Task goal: Without changing a character, return the entries, but not the images they hold.
• • • •
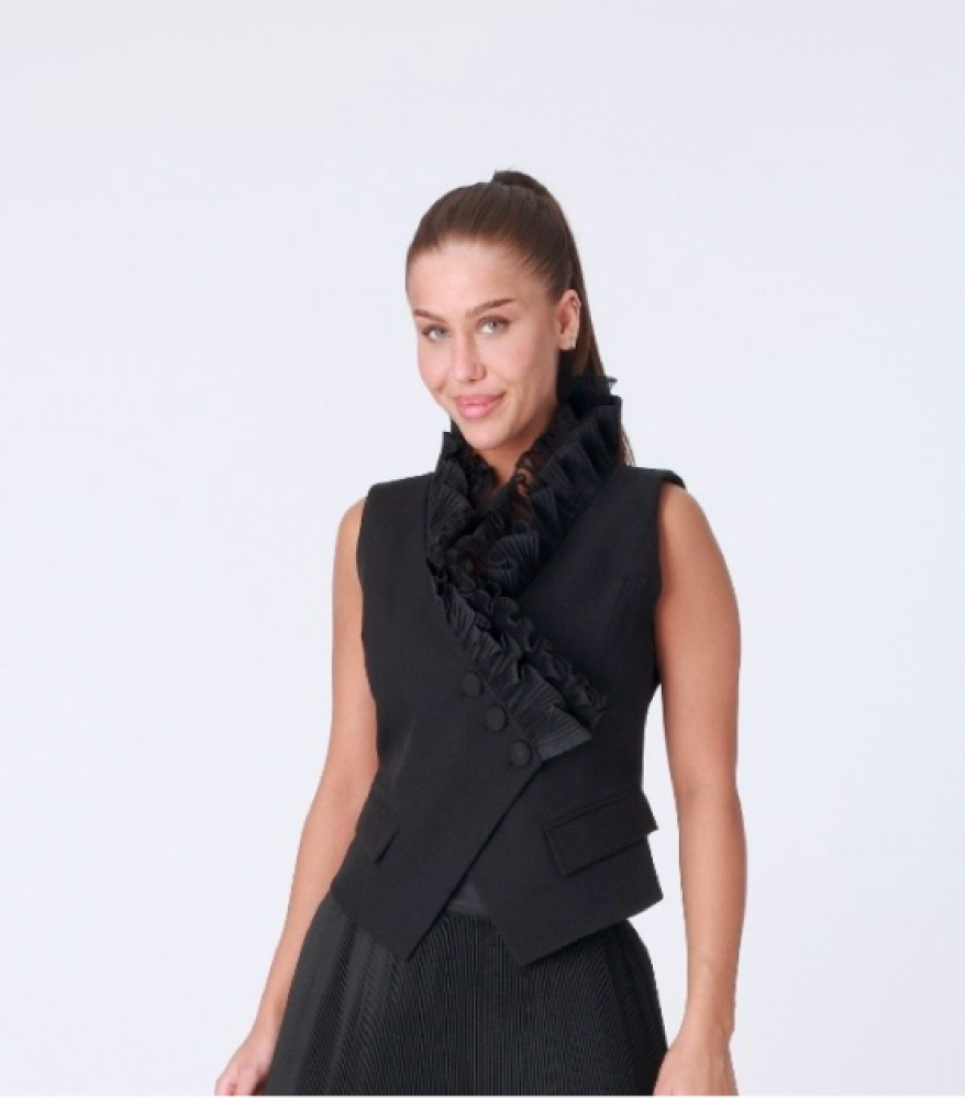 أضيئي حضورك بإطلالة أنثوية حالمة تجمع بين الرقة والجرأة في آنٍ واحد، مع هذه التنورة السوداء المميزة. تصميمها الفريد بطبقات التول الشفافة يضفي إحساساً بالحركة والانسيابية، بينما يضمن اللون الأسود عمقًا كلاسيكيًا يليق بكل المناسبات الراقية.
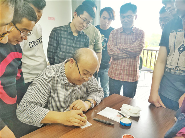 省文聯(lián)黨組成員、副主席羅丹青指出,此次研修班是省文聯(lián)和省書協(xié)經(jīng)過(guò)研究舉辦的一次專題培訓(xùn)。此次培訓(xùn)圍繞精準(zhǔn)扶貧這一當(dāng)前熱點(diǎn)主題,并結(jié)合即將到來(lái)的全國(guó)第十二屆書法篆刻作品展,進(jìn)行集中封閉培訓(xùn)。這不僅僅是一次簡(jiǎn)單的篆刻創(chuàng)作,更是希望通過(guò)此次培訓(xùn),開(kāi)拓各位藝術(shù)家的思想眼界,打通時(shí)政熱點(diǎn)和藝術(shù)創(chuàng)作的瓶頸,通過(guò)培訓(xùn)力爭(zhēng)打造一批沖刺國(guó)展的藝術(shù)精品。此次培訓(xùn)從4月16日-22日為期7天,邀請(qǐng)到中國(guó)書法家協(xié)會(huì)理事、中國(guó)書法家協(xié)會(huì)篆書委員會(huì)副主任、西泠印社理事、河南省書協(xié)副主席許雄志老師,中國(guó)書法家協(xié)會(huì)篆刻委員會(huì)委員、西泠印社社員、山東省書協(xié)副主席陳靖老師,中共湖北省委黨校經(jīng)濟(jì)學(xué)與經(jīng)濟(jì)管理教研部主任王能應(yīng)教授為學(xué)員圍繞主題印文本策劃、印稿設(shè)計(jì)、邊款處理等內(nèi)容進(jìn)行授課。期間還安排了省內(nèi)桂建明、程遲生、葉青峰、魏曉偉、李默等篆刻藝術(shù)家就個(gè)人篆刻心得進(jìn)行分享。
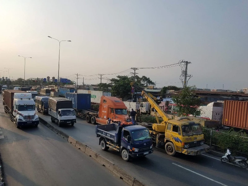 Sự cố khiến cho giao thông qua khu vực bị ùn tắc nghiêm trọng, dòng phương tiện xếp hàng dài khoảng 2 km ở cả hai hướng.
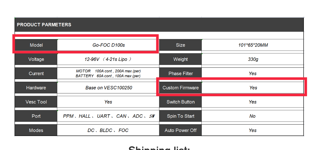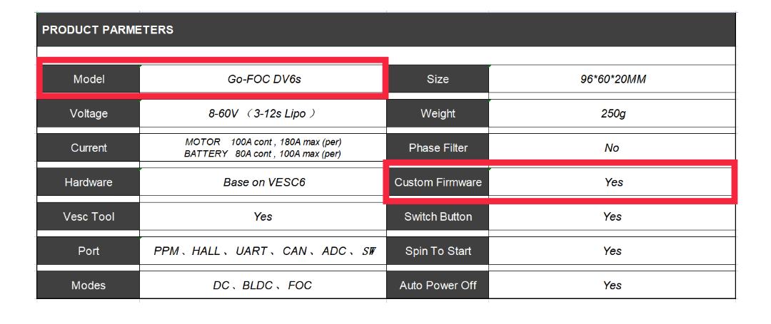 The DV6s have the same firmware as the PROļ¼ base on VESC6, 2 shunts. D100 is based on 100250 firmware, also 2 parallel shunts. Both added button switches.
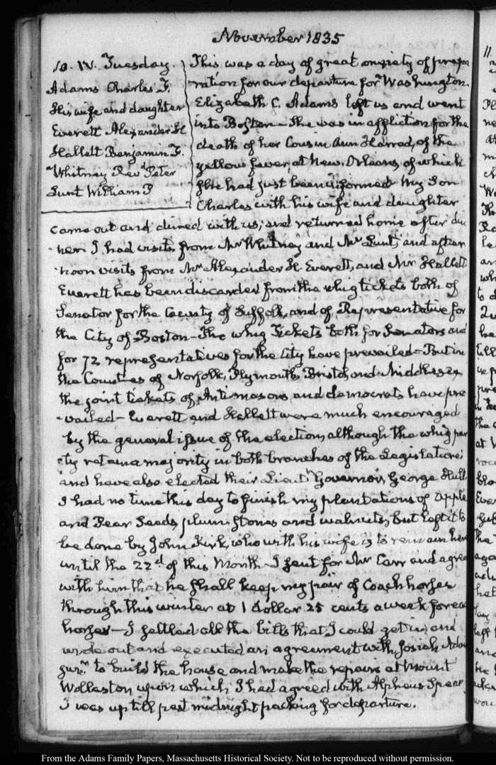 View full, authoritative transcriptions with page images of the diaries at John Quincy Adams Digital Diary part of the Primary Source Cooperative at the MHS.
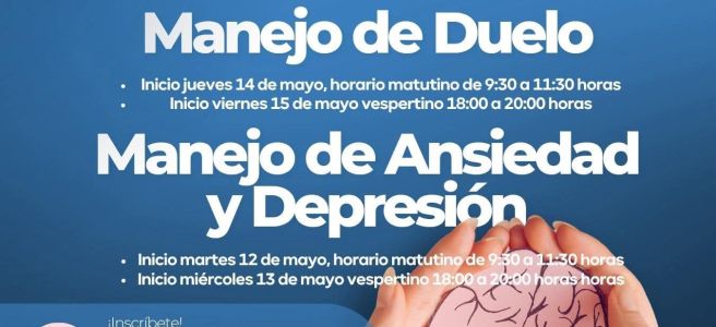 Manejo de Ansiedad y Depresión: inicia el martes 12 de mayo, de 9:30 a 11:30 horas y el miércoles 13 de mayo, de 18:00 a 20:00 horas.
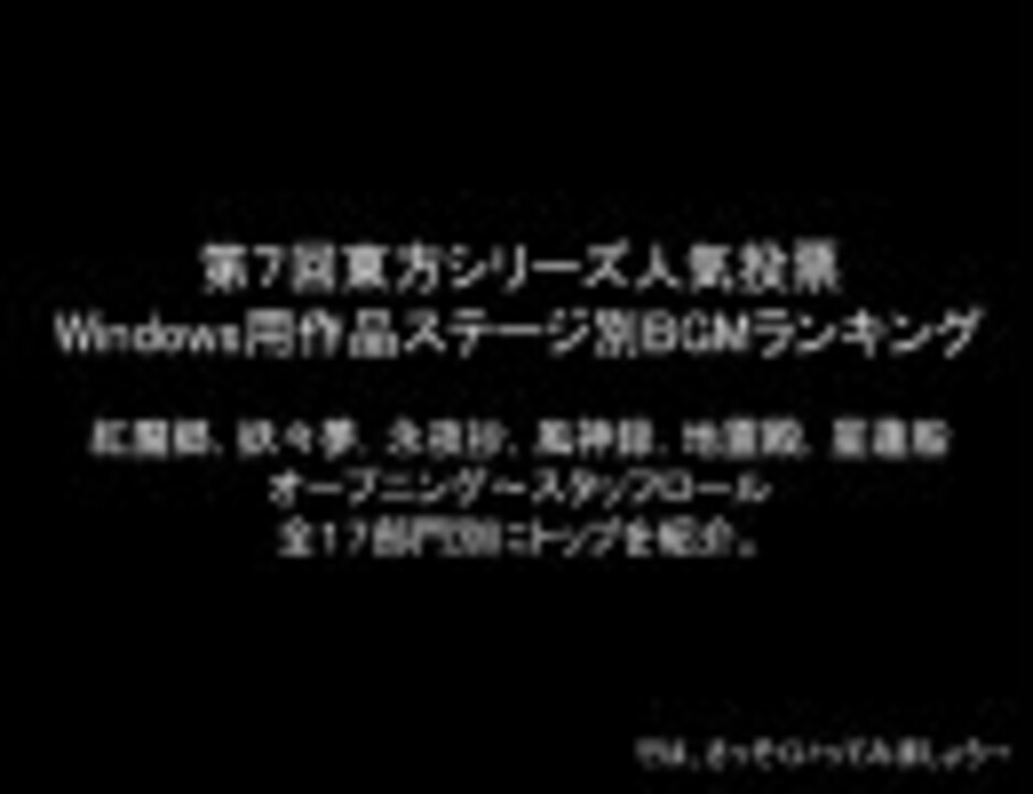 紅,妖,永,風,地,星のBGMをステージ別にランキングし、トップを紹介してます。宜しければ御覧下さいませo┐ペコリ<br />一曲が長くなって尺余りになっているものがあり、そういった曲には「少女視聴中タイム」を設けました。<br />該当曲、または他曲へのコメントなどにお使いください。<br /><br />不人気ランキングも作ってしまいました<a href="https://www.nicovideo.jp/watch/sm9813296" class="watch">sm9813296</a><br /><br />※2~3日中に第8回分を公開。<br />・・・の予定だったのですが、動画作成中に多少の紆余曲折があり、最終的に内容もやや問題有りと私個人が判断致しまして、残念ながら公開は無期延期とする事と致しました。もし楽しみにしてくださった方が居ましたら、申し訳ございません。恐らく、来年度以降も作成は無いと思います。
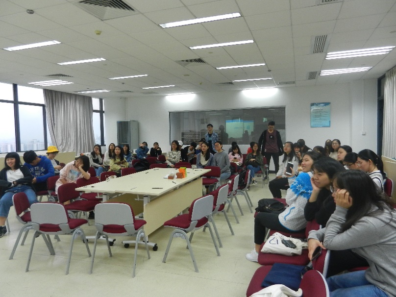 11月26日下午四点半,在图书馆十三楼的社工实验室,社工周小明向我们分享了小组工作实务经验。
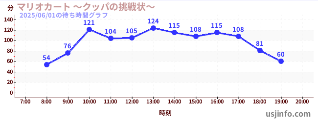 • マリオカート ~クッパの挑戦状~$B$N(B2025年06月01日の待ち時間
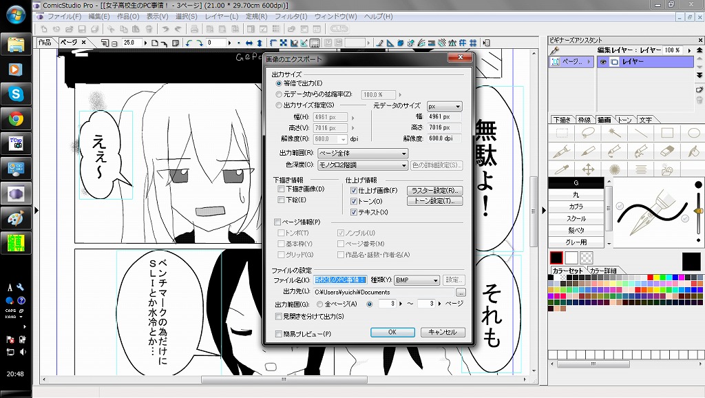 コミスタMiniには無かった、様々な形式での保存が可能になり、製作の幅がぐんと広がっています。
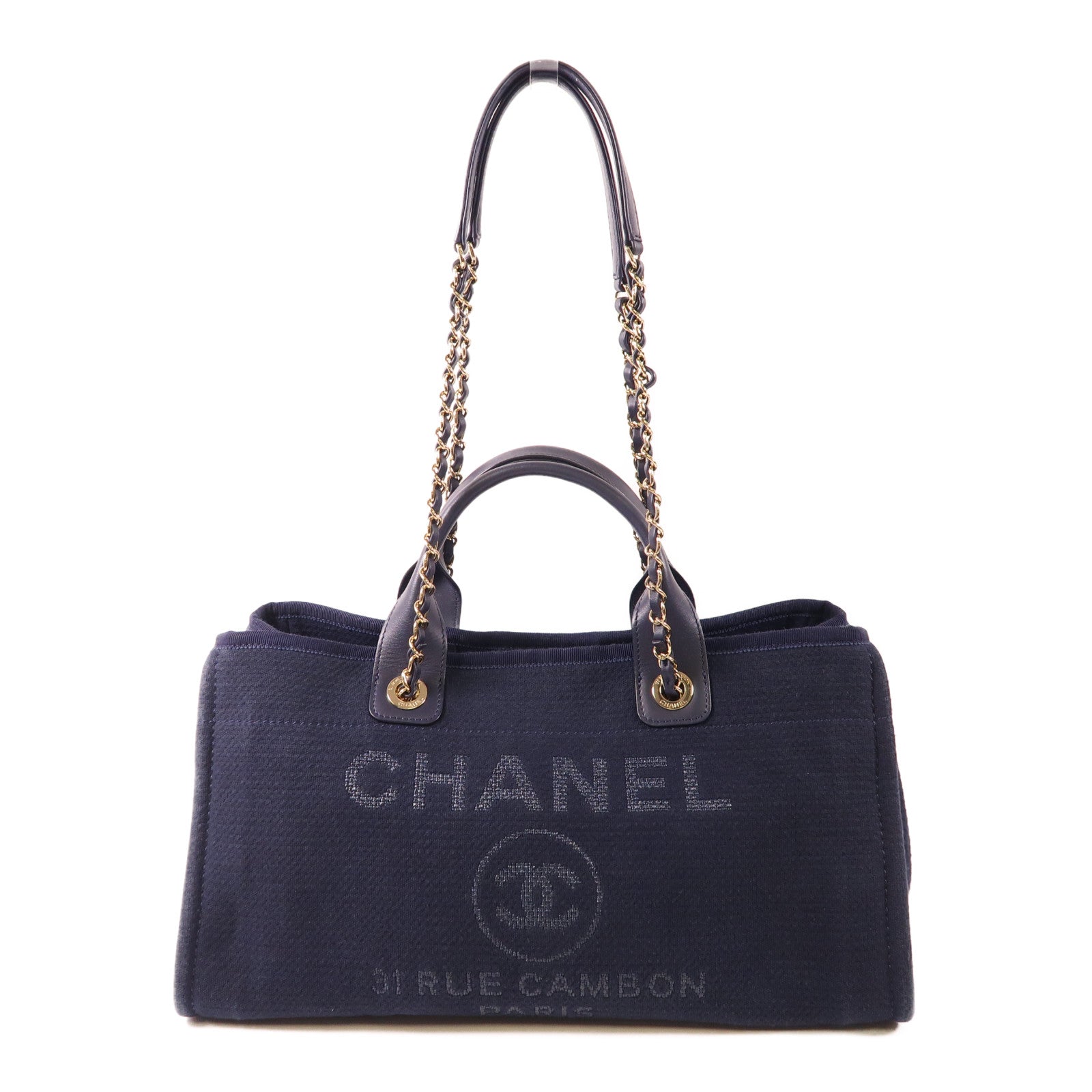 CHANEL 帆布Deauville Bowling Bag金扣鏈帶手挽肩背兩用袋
• • • •
Written solution:
 أضيئي حضورك بإطلالة أنثوية حالمة تجمع بين الرقة والجرأة في آنٍ واحد، مع هذه التنورة السوداء المميزة. تصميمها الفريد بطبقات التول الشفافة يضفي إحساساً بالحركة والانسيابية، بينما يضمن اللون الأسود عمقًا كلاسيكيًا يليق بكل المناسبات الراقية.
 省文聯(lián)黨組成員、副主席羅丹青指出,此次研修班是省文聯(lián)和省書協(xié)經(jīng)過(guò)研究舉辦的一次專題培訓(xùn)。此次培訓(xùn)圍繞精準(zhǔn)扶貧這一當(dāng)前熱點(diǎn)主題,并結(jié)合即將到來(lái)的全國(guó)第十二屆書法篆刻作品展,進(jìn)行集中封閉培訓(xùn)。這不僅僅是一次簡(jiǎn)單的篆刻創(chuàng)作,更是希望通過(guò)此次培訓(xùn),開(kāi)拓各位藝術(shù)家的思想眼界,打通時(shí)政熱點(diǎn)和藝術(shù)創(chuàng)作的瓶頸,通過(guò)培訓(xùn)力爭(zhēng)打造一批沖刺國(guó)展的藝術(shù)精品。此次培訓(xùn)從4月16日-22日為期7天,邀請(qǐng)到中國(guó)書法家協(xié)會(huì)理事、中國(guó)書法家協(xié)會(huì)篆書委員會(huì)副主任、西泠印社理事、河南省書協(xié)副主席許雄志老師,中國(guó)書法家協(xié)會(huì)篆刻委員會(huì)委員、西泠印社社員、山東省書協(xié)副主席陳靖老師,中共湖北省委黨校經(jīng)濟(jì)學(xué)與經(jīng)濟(jì)管理教研部主任王能應(yīng)教授為學(xué)員圍繞主題印文本策劃、印稿設(shè)計(jì)、邊款處理等內(nèi)容進(jìn)行授課。期間還安排了省內(nèi)桂建明、程遲生、葉青峰、魏曉偉、李默等篆刻藝術(shù)家就個(gè)人篆刻心得進(jìn)行分享。
 Sự cố khiến cho giao thông qua khu vực bị ùn tắc nghiêm trọng, dòng phương tiện xếp hàng dài khoảng 2 km ở cả hai hướng.
 The DV6s have the same firmware as the PROļ¼ base on VESC6, 2 shunts. D100 is based on 100250 firmware, also 2 parallel shunts. Both added button switches.
 View full, authoritative transcriptions with page images of the diaries at John Quincy Adams Digital Diary part of the Primary Source Cooperative at the MHS.
 Manejo de Ansiedad y Depresión: inicia el martes 12 de mayo, de 9:30 a 11:30 horas y el miércoles 13 de mayo, de 18:00 a 20:00 horas.
 紅,妖,永,風,地,星のBGMをステージ別にランキングし、トップを紹介してます。宜しければ御覧下さいませo┐ペコリ<br />一曲が長くなって尺余りになっているものがあり、そういった曲には「少女視聴中タイム」を設けました。<br />該当曲、または他曲へのコメントなどにお使いください。<br /><br />不人気ランキングも作ってしまいました<a href="https://www.nicovideo.jp/watch/sm9813296" class="watch">sm9813296</a><br /><br />※2~3日中に第8回分を公開。<br />・・・の予定だったのですが、動画作成中に多少の紆余曲折があり、最終的に内容もやや問題有りと私個人が判断致しまして、残念ながら公開は無期延期とする事と致しました。もし楽しみにしてくださった方が居ましたら、申し訳ございません。恐らく、来年度以降も作成は無いと思います。
 11月26日下午四点半,在图书馆十三楼的社工实验室,社工周小明向我们分享了小组工作实务经验。
 • マリオカート ~クッパの挑戦状~$B$N(B2025年06月01日の待ち時間
 コミスタMiniには無かった、様々な形式での保存が可能になり、製作の幅がぐんと広がっています。
 CHANEL 帆布Deauville Bowling Bag金扣鏈帶手挽肩背兩用袋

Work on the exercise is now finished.